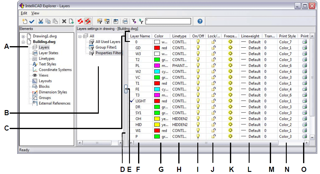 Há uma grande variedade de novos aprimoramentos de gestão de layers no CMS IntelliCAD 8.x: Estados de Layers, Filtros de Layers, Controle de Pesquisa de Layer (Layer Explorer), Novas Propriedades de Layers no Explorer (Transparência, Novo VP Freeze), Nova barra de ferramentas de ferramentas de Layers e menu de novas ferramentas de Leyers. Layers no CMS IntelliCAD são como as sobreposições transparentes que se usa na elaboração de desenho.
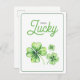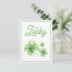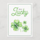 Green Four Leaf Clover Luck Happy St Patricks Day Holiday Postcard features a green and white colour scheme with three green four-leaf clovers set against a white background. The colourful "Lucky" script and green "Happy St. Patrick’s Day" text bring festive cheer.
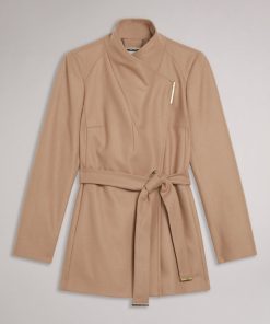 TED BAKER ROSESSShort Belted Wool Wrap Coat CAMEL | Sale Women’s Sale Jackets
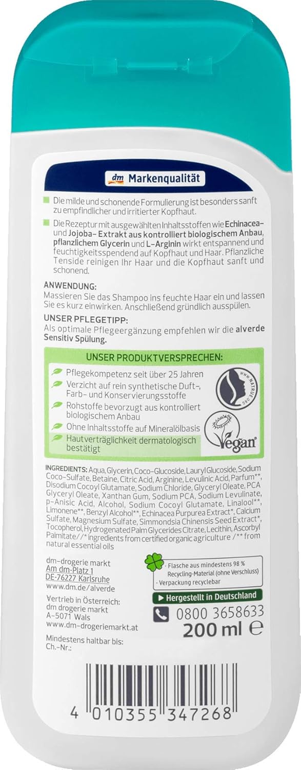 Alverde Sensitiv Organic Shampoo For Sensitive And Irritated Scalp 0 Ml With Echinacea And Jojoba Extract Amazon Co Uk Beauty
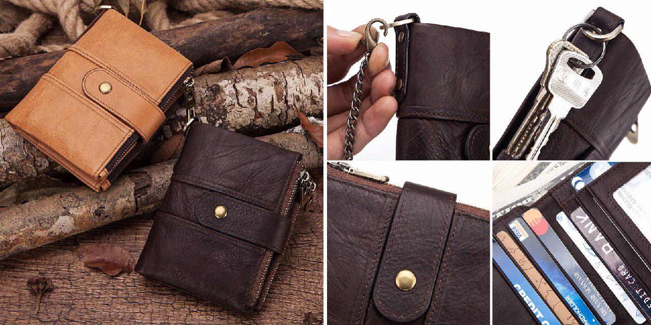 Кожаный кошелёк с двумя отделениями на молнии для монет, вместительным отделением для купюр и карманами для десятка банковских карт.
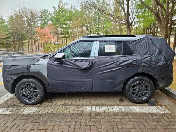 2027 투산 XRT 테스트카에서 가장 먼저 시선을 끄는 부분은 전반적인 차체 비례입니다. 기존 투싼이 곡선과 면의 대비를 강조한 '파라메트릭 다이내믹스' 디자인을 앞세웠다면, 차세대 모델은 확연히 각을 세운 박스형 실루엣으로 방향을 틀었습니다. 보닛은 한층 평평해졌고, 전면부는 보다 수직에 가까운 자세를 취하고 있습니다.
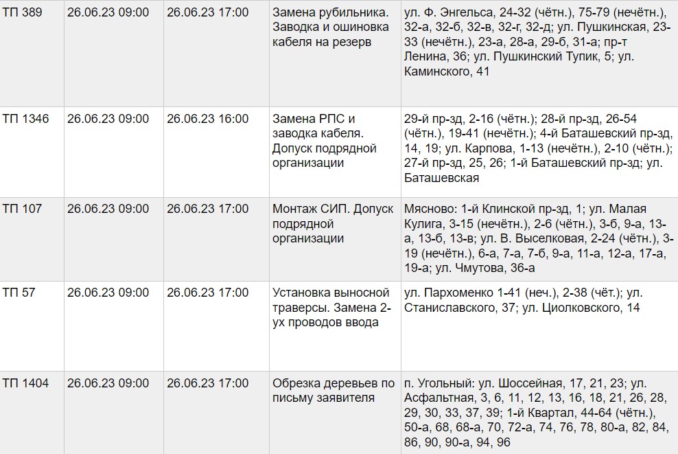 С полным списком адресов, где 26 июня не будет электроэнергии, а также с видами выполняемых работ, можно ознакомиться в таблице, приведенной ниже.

Goal of the exercise. Repeat, with no pictures, each line from the beginning of the data through the line containing "Кожаный кошелёк с", inclusive.

The completed task.
 Há uma grande variedade de novos aprimoramentos de gestão de layers no CMS IntelliCAD 8.x: Estados de Layers, Filtros de Layers, Controle de Pesquisa de Layer (Layer Explorer), Novas Propriedades de Layers no Explorer (Transparência, Novo VP Freeze), Nova barra de ferramentas de ferramentas de Layers e menu de novas ferramentas de Leyers. Layers no CMS IntelliCAD são como as sobreposições transparentes que se usa na elaboração de desenho.
 Green Four Leaf Clover Luck Happy St Patricks Day Holiday Postcard features a green and white colour scheme with three green four-leaf clovers set against a white background. The colourful "Lucky" script and green "Happy St. Patrick’s Day" text bring festive cheer.
 TED BAKER ROSESSShort Belted Wool Wrap Coat CAMEL | Sale Women’s Sale Jackets
 Alverde Sensitiv Organic Shampoo For Sensitive And Irritated Scalp 0 Ml With Echinacea And Jojoba Extract Amazon Co Uk Beauty
 Кожаный кошелёк с двумя отделениями на молнии для монет, вместительным отделением для купюр и карманами для десятка банковских карт.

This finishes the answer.